■ EXERCISE REQUIREMENTS ■
The copy you return must match the listing word for word and carry no pictures.

■ COLLECTED DATA ■
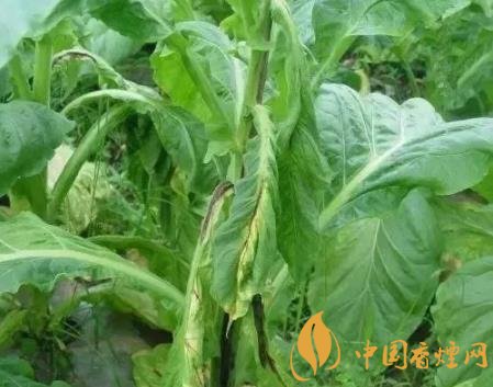 癥狀:煙草青枯病是維管束病害,典型癥狀為枯萎,病株多為一側(cè)枯萎,拔出后可見(jiàn)發(fā)病的一側(cè)支根變黑腐爛,未顯癥的一例根系大部分正常。葉片發(fā)?。撼跗谲浕?,但仍為青色,故稱(chēng)“青枯病”,隨著細(xì)菌充滿(mǎn)葉脈,兩天后葉脈變黑,葉內(nèi)為黃色網(wǎng)狀病斑。莖發(fā)?。撼霈F(xiàn)長(zhǎng)形黑色條斑,有的條斑擴(kuò)展到病株頂部或枯萎的葉柄上。到發(fā)病中后期,全部葉片萎蔫,條斑表皮變黑腐爛,病株莖和葉脈導(dǎo)管變黑,根部也變黑腐爛,甚至莖髓部呈蜂窩狀或全部腐爛形成空腔,僅留木質(zhì)部。橫剖病莖用力擠壓切口,從導(dǎo)管溢出黃白色菌膿。
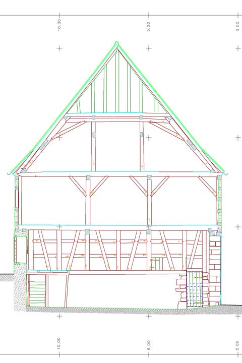 Die beiden südlichsten Zonen waren vor dem Umbau 1852 als weitere Tenne (Zone 2) sowie als weitere Fruchtkammer (Zone 1) eingerichtet.
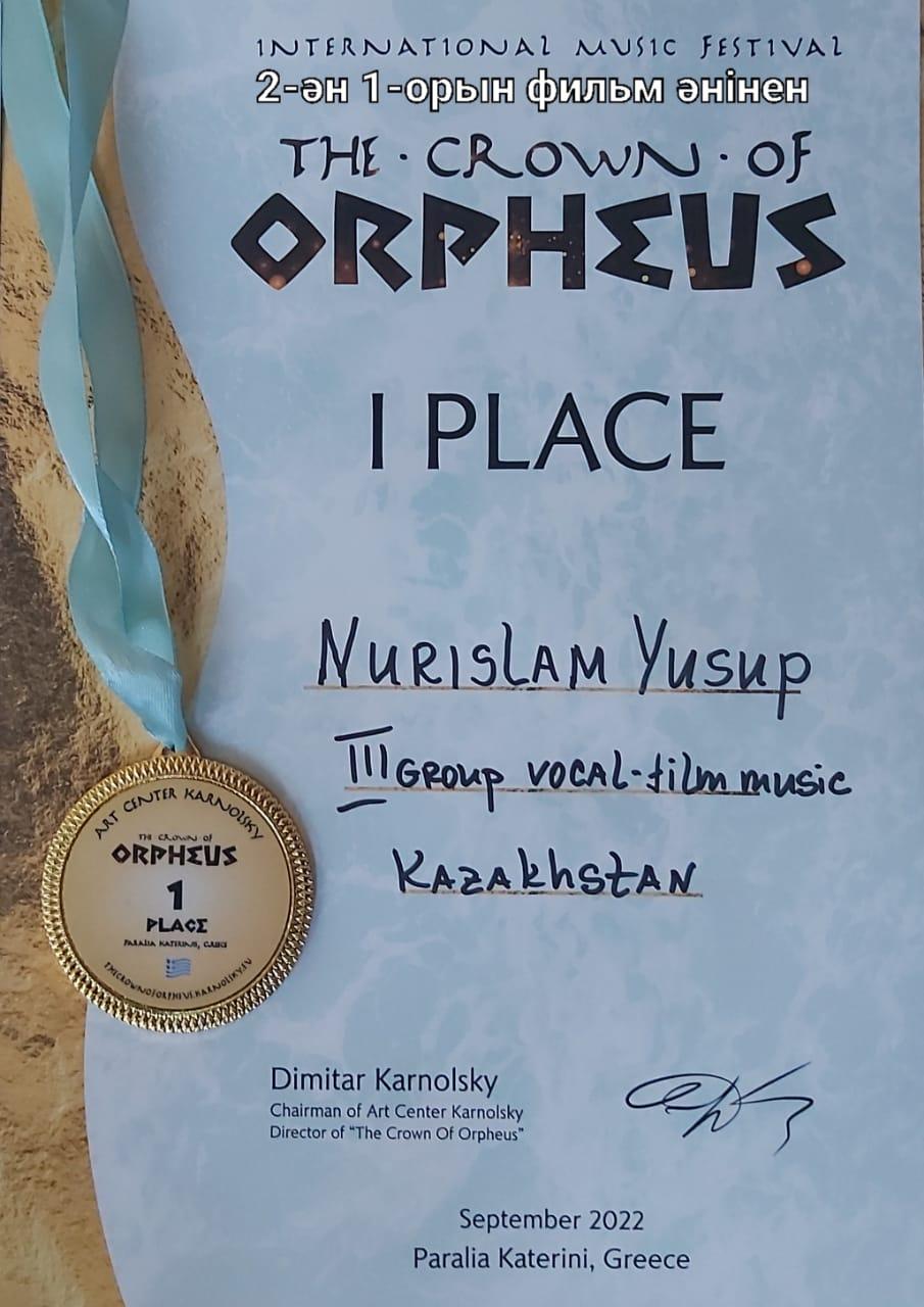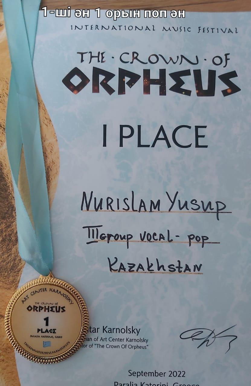 Қыркүйек айының соңында ежелгі Эллиндер елінде өткен «Корона Орфея» Халықаралық музыкалық фестивалінде №59 мектеп-гимназиясының 6 «В» сынып оқушысы Юсуп Нурислам Дауренұлы топ жарып, І орынды жеңіп алды. Жастайынан өнерпаз, ән айтуды жаны қалап тұратын Нурислам жас болса да бас болып, халықаралық деңгейде өткен байқауға қатысып, бағын сынап көрді. Нәтижесінде жүлделі бірінші орынға ие болып, елінің абыройын асқақтатты. Құтты болсын дейміз. Әрдайым осындай биіктерден көрініп, өнер көгінде қалықтап жүре берсін деп тілектстік білдіреміз.
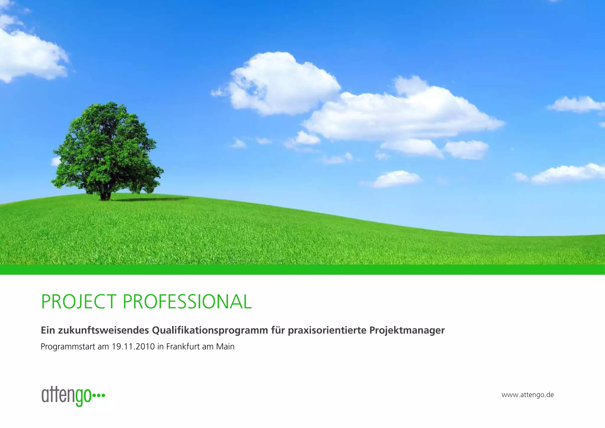 Das Projekt Professional-Qualifizierungsprogramm, das am 19.11.2010 in Frankfurt am Main startet, richtet sich an angehende und erfahrene Projektmanager und konzentriert sich neben den klassischen Methoden insbesondere auf Soft Skills wie Kommunikation und Konfliktmanagement. Das Programm umfasst drei Impulsseminare, vier Transfercoachings und einen Transferworkshop, um den langfristigen Lernerfolg zu sichern. Teilnehmende profitieren von praxisnahen Inhalten und individueller Unterstützung durch erfahrene Coaches, um ihre berufliche Kompetenz im Projektmanagement zu erweitern.

■ ANSWER TO THE EXERCISE ■
 癥狀:煙草青枯病是維管束病害,典型癥狀為枯萎,病株多為一側(cè)枯萎,拔出后可見(jiàn)發(fā)病的一側(cè)支根變黑腐爛,未顯癥的一例根系大部分正常。葉片發(fā)?。撼跗谲浕?,但仍為青色,故稱(chēng)“青枯病”,隨著細(xì)菌充滿(mǎn)葉脈,兩天后葉脈變黑,葉內(nèi)為黃色網(wǎng)狀病斑。莖發(fā)?。撼霈F(xiàn)長(zhǎng)形黑色條斑,有的條斑擴(kuò)展到病株頂部或枯萎的葉柄上。到發(fā)病中后期,全部葉片萎蔫,條斑表皮變黑腐爛,病株莖和葉脈導(dǎo)管變黑,根部也變黑腐爛,甚至莖髓部呈蜂窩狀或全部腐爛形成空腔,僅留木質(zhì)部。橫剖病莖用力擠壓切口,從導(dǎo)管溢出黃白色菌膿。
 Die beiden südlichsten Zonen waren vor dem Umbau 1852 als weitere Tenne (Zone 2) sowie als weitere Fruchtkammer (Zone 1) eingerichtet.
 Қыркүйек айының соңында ежелгі Эллиндер елінде өткен «Корона Орфея» Халықаралық музыкалық фестивалінде №59 мектеп-гимназиясының 6 «В» сынып оқушысы Юсуп Нурислам Дауренұлы топ жарып, І орынды жеңіп алды. Жастайынан өнерпаз, ән айтуды жаны қалап тұратын Нурислам жас болса да бас болып, халықаралық деңгейде өткен байқауға қатысып, бағын сынап көрді. Нәтижесінде жүлделі бірінші орынға ие болып, елінің абыройын асқақтатты. Құтты болсын дейміз. Әрдайым осындай биіктерден көрініп, өнер көгінде қалықтап жүре берсін деп тілектстік білдіреміз.
 Das Projekt Professional-Qualifizierungsprogramm, das am 19.11.2010 in Frankfurt am Main startet, richtet sich an angehende und erfahrene Projektmanager und konzentriert sich neben den klassischen Methoden insbesondere auf Soft Skills wie Kommunikation und Konfliktmanagement. Das Programm umfasst drei Impulsseminare, vier Transfercoachings und einen Transferworkshop, um den langfristigen Lernerfolg zu sichern. Teilnehmende profitieren von praxisnahen Inhalten und individueller Unterstützung durch erfahrene Coaches, um ihre berufliche Kompetenz im Projektmanagement zu erweitern.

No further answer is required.